Question

I've spent the last few hours reading about the Oauth2 protocol. From my understanding, the main motivation for this protocol is that the resource owner does not have to share their credentials with 3rd party (client) applications, only the resource server.

In this post, I have used the roles as defined in the Oauth2 RFC. However, I have not distinguished between the resource server and authorization server. I assume for the simplicity that they are the same and refer to them as "resource server".

I can see two different chain of events. Assume that both scenarios start with a resource owner with the intent to let a client access a protected resource.

Case 1, GUI provided by the resource server

  1. Client forwards resource owner to the resource server's login page.
  2. Resource owner provides his/her credentials at the resource server's GUI.
  3. On success, the resource server forwards the resource owner to the Client and provides the user client with a token.

Case 2, GUI provided by the Client

  1. The client asks the resource owner to provide his/her credentials to its own GUI.
  2. The client sends the provided credentials to the resource server.
  3. On success, the client obtains a token and access to the resource server.

My concern is case 2. How hard would it be for the client to obtain full privileges on the resource server if it, instead of authenticating as a client, authenticates as the resource owner? The RFC states the following as a reason to use OAuth2 instead of letting the client handle the resource owners credentials:

"Third-party applications gain overly broad access to the resource owner's protected resources, leaving resource owners without any ability to restrict duration or access to a limited subset of resources."

The RFC further states:

"Third-party applications are required to store the resource owner's credentials for future use, typically a password in clear-text."

This could very well be saved by the client in case 2.

So... Can you assume that a client that implements Oauth2 (In case 2) is more secure than one that does not? Is it possible for a resource server to implement mechanisms to prevent such things as these?

Was it helpful?

Solution

You can assume that using a proper OAuth2 implementation your system is more secure than a conventional user/pass based system.

Case 1 is clearly superior since no user credentials are exposed to the client.

Case 2 is only a possibility, many OAuth2 providers don't support it at all. Even the standard discourages using it, it seems to be there only as a fallback when the plain old user/pass based logic still must be used for some strange reason. This case is still slightly better as the client application has the possibility not to store your credentials at all. The specified credentials can be dropped right after creating the OAuth request and only the granted tokens should be stored. Gaining a refresh token, there is no need to ask for your user/pass again.

Note that stealing the tokens from the application is still a security risk, but the thief won't have full privilege with your credentials, will only have the access rights you have granted to the application. Furthermore, access tokens expire and the provider should support revoking refresh tokens.

OTHER TIPS

Consider case2:

Lets say the resource owner has provided his/her credentials to the client and as you stated the client has to store the password somewhere in plain text form.

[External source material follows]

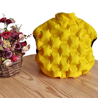 Dette vest bruger en unik ikke-flowing luftfyldning som isoleringsmateriale med en oppustelig ventil bygget inde. Brugere kan oppustes vesten manuelt via mund, der blæser eller bruger en pumpe, justerer luftvolumen for at tilpasse varmen baseret på lokale temperaturforhold. Den oppustede luft skaber et blødt, men alligevel elastisk termisk lag, der effektivt blokerer for kold vind og fugt, hvilket forhindrer varmetab.
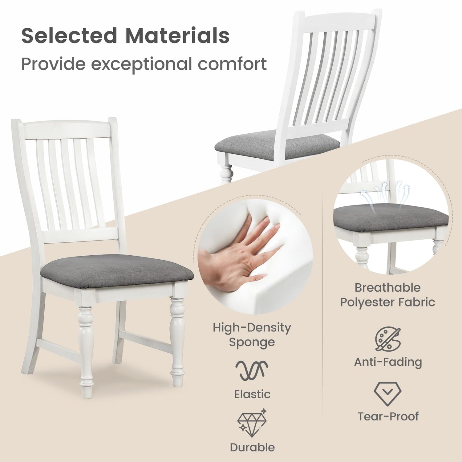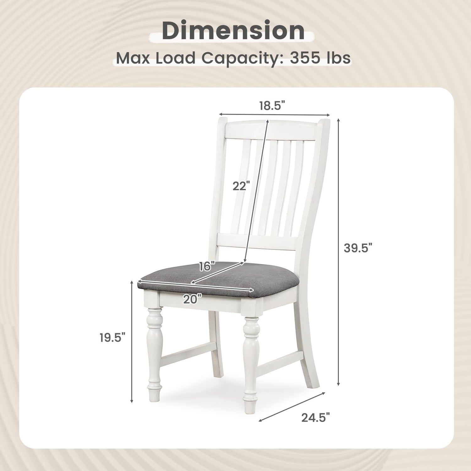 Giantex Wood Dining Chairs Set of 2, Farmhouse Kitchen Chairs with Solid Wood Frame, Max Load 355 Lbs, Armless Upholstered Dining Side Chairs with Cushion Seat, Slat Back Dining Room Chair, White

1) But can we trust the client that it would not access any information without your permission ??
2) what if someone hacks the client database and gain access to all the credentials which may contain sensitive information like netbanking passwords etc..,??

so to prevent these security-issues, the resource owner deals directly with resource server and sets the permissions for the client to access only information which it wants and not a bit more. Then the server issues a token(like a gatepass) to the client and whenever the client needs some information it has to send the token.

so its best not to give the client our credentials for security reasons.